Is this data scientist a consumer’s best friend?

In Oren Etzioni’s world, telling you where to buy a product is so 20 years ago. He did that with his first startup, Netbot, in 1996. Today, Etzioni wants to tell you when to buy — that ideal moment when the price won’t fall for a while and you won’t get burned by the release of a new model a week later. Tomorrow, well, maybe he can let you know when you’re in the vicinity of a great deal.

Etzioni, who spends his days as a computer science professor at the University of Washington, is probably best known as the co-founder of Farecast. That company, which Microsoft (s msft) bought for $115 million in 2008 and incorporated into Bing, helped even the playing field between travelers and airlines by predicting the best times for travelers to purchase their tickets. Airlines practice yield management by regularly changing their prices to maximize profit, but Etzioni was able to find a fair amount of predictability once Farecast was able to get the data it needed from the airline industry.

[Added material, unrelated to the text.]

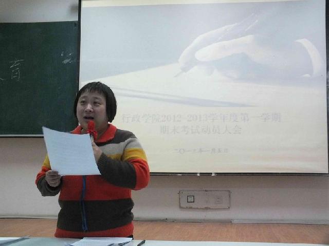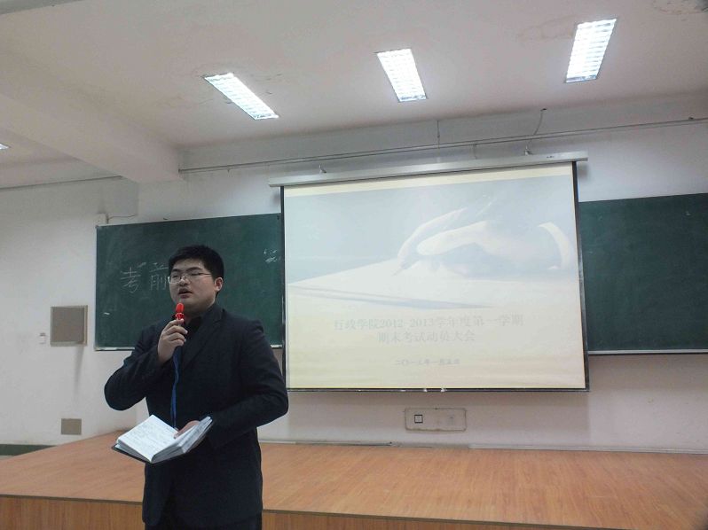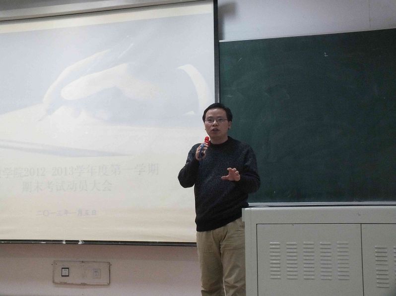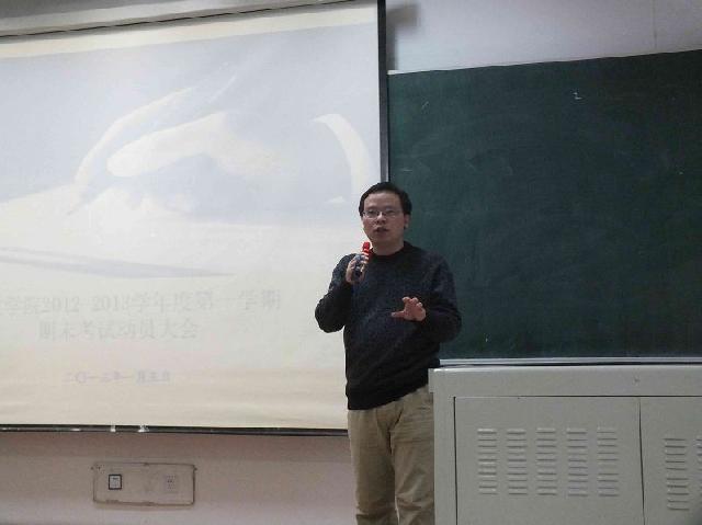 1月5日15时30分,2012-2013学年度第一学期本科生期末考试考前教育活动于中心校区第三教学楼第十二阶梯教室成功举办。悟空体育副经理殷冬水副教授、党委副书记兼副经理佘彦、教学秘书李博、助理辅导员刘洋出席活动并讲话。2010级、2011级与2012级全体员工参加活动。

Lately, though, Etzioni has been focused on his latest startup,, which launched in 2010 and applies the premise behind Farecast to consumer electronics and appliances. At some point, Etzioni told me, the practice of yield management had migrated to “pretty much every non-trivial good.” Consumer electronics was the natural place to start, he said, because they tend to be highly considered purchases and enough of them are made online to generate lots of data and justify the existence of a web application.

I explained Decide’s methodology in some detail recently, but the gist is that it analyze thousands of data sources — from pricing history to model history to rumors of new models — to tell consumers whether to buy or wait on their electronics purchases. It’s similar to some degree with Retrevo (see disclosure), but Decide focuses more on predicting price than on telling consumers what’s a good value now.

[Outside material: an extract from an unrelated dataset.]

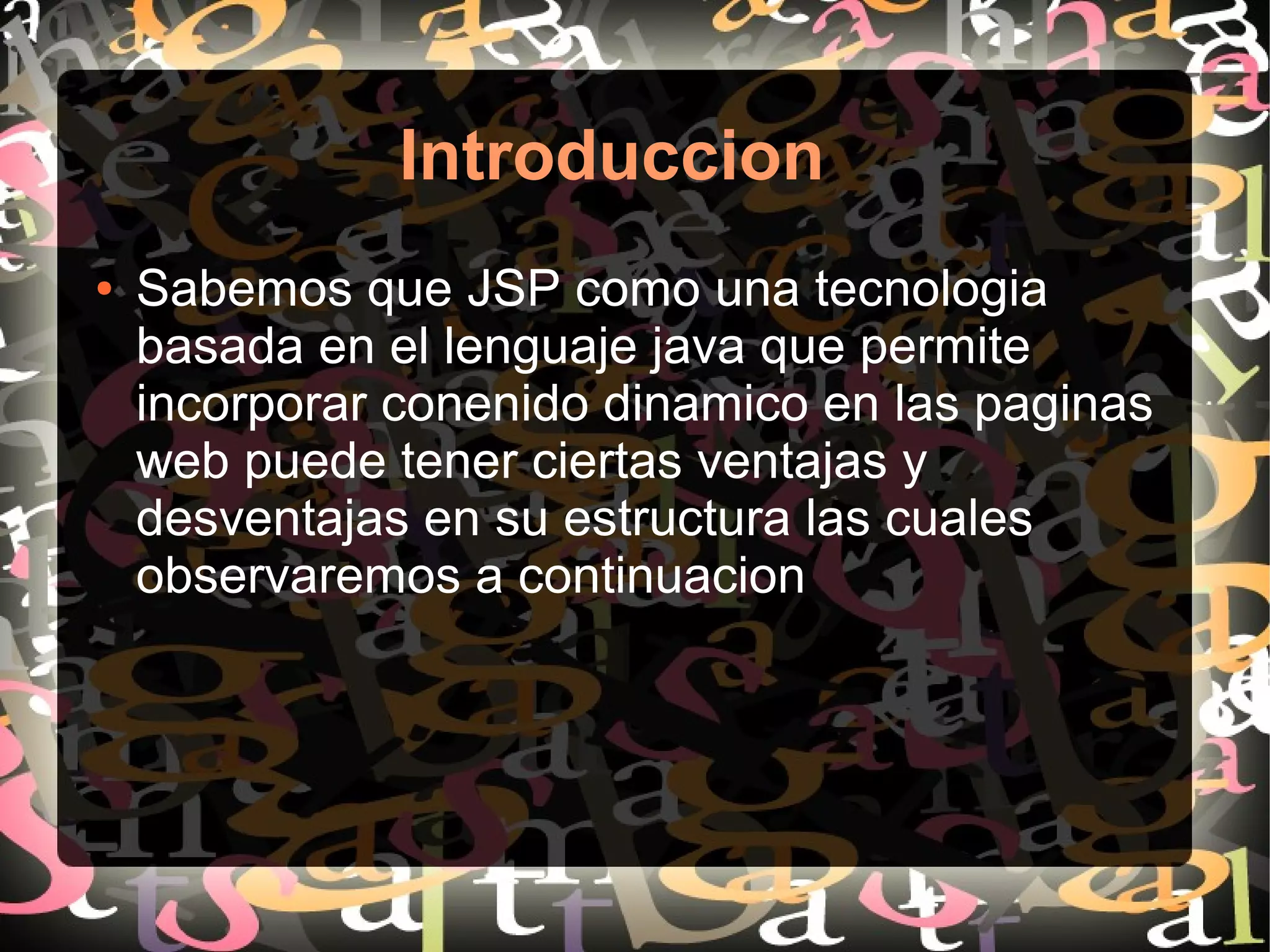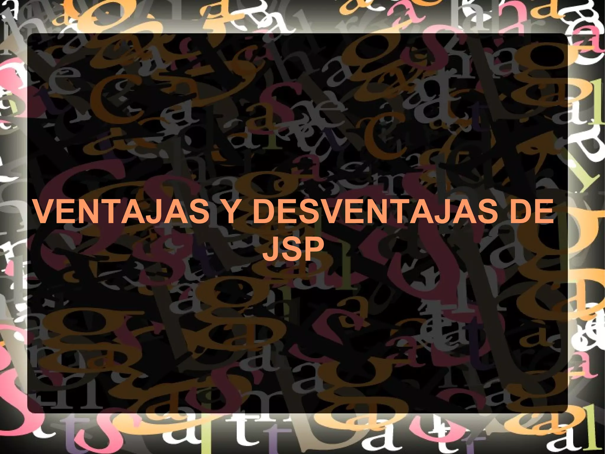JSP tiene ventajas como ser un lenguaje totalmente en Java, tener una fuerte capacidad de manipulación de gráficos, aprovechar APIs y ser de código abierto, pero también tiene desventajas como poseer una interfaz limitada, requerir muchas líneas de código para interfaces elaboradas y tener un riesgo de sobrecargar el servidor.

There’s a notable difference between predicting airlines prices and predicting consumer-goods prices, though — while Farecast had to fight to get airlines to release their data, there’s an overload of it on the web. Between news sites, blogs, product profiles and price-comparison sites, Decide has all the data it needs. “The hardest is still separating the wheat from the chaff,” Etzioni said.

Decide’s prediction models have become so accurate, though — about 77 percent — that the company recently decided to put its money where it’s mouth is. Its new Got Your Back program provides members with a number of deals each day, and if a member buys and the price drops, Decide will make up the difference.

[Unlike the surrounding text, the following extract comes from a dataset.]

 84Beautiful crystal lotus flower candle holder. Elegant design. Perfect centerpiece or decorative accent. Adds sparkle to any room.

Aside from expanding price prediction into other areas with highly volatile prices, such as hotel rooms, Etzioni appears to have his eyes set on the mobile world.¬†There is, of course, location data, which is the holy grail of mobile analytics. Etzioni thinks it will be about three years before location-based analytics really reaches its stride in terms of usage, but it’s coming. Being able to get signals as to where app users are at any given time is a powerful proposition in terms of personalization, and already there are stealth-mode startups such as Placed trying to solve the problem for developers.

Etzioni also thinks there’s work to be done in condensing big data to fit onto small screens. Companies trying to improve the consumer experience will keep incorporating new analytic techniques, such as sentiment analysis, into their products, but the output of those efforts has to go somewhere. Producing and analyzing big data is one thing, he said, but you need to summarize it in a manner that people can consume on their mobile devices.

Disclosure: Retrevo is backed by Alloy Ventures, a venture capital firm that is an investor in the parent company of this blog.